I will not be explaining which models we created for this use case example, and how it works in detail to avoid duplication, however the outcome is perhaps reminiscent of building the first blocks for a Skynet like entity to prosper. Coupled with enough knowledge, results are beyond 'uncanny', they are to the untrained eye and ear, as real as the air they breathe.

Our 'engine' is primarily focused on learning from user behavior and adjusting code in real time to provide the most user intuitive experience to increase not only the experience but also help those that use our services to increase their overall conversion rate. Something that can only be achieved through exemplary understanding of behavior and psychology, to achieve that perfect Net Promoter score - what makes your customers add a certain product to their basket? What are your customers most interested in? Coupled with myriads of other data sets, and we have a successful model that can learn, adapt, change and improve, not only a users deployed shop instance but also itself. I provided a laymen explanation of how it all works in my previous entries which you can find here and here.

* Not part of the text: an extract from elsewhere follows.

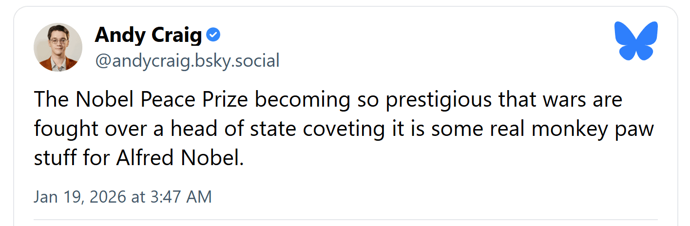So Nobel Peace Prize may now be responsible for starting WWIII ...?
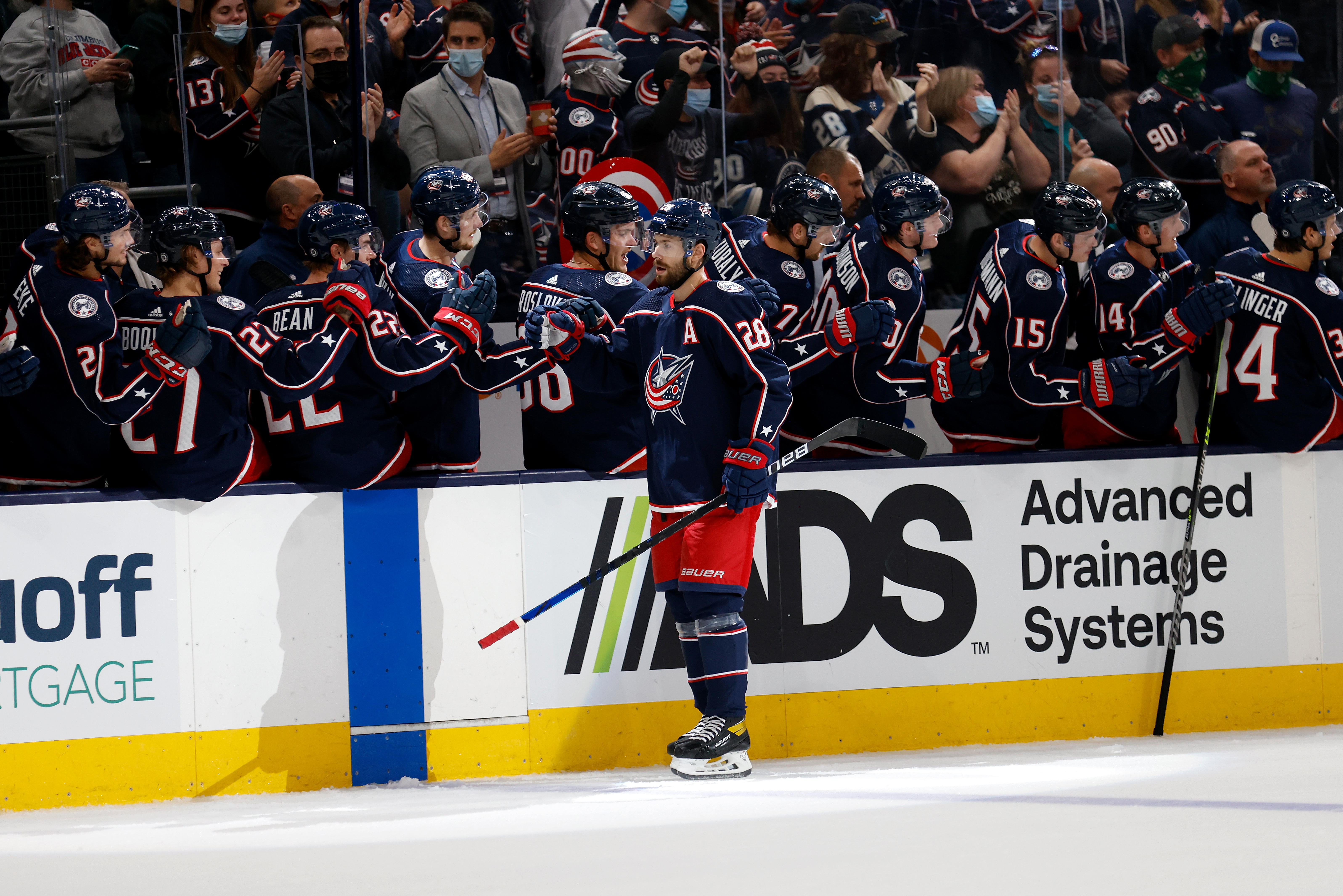 COLUMBUS, OH – OCTOBER 14: Boone Jenner #38 of the Columbus Blue Jackets reacts after teammate Oliver Bjorkstrand #28 scored a power-play goal in the first period against the Arizona Coyotes at Nationwide Arena on October 14, 2021 in Columbus, Ohio. (Photo by Kirk Irwin/Getty Images)

Now what happens when use learnings from the same model in expressionist mediums, that are based solely on feeling, emotion and experience rather than cold sets of data?

Look at the below painting:

And now take a gander at another one below:

One can be forgiven for mistaking the above two 'paintings' for the work of Van Gogh and Pablo Picasso.

Both pieces were done by our AI engine, in less than five seconds with no other prompt besides inputting the artists name. Using imagery data and collections of existing works from both artists, coupled with reinforcement to rank the most successful outputs by members of our team it took just over a day to clone the artistic prowess of both artists to output completely original art work.

Now lets take another famous artist, have you ever wondered how Rembrandt may paint a popular character, such as Batman for example? Now you can find out.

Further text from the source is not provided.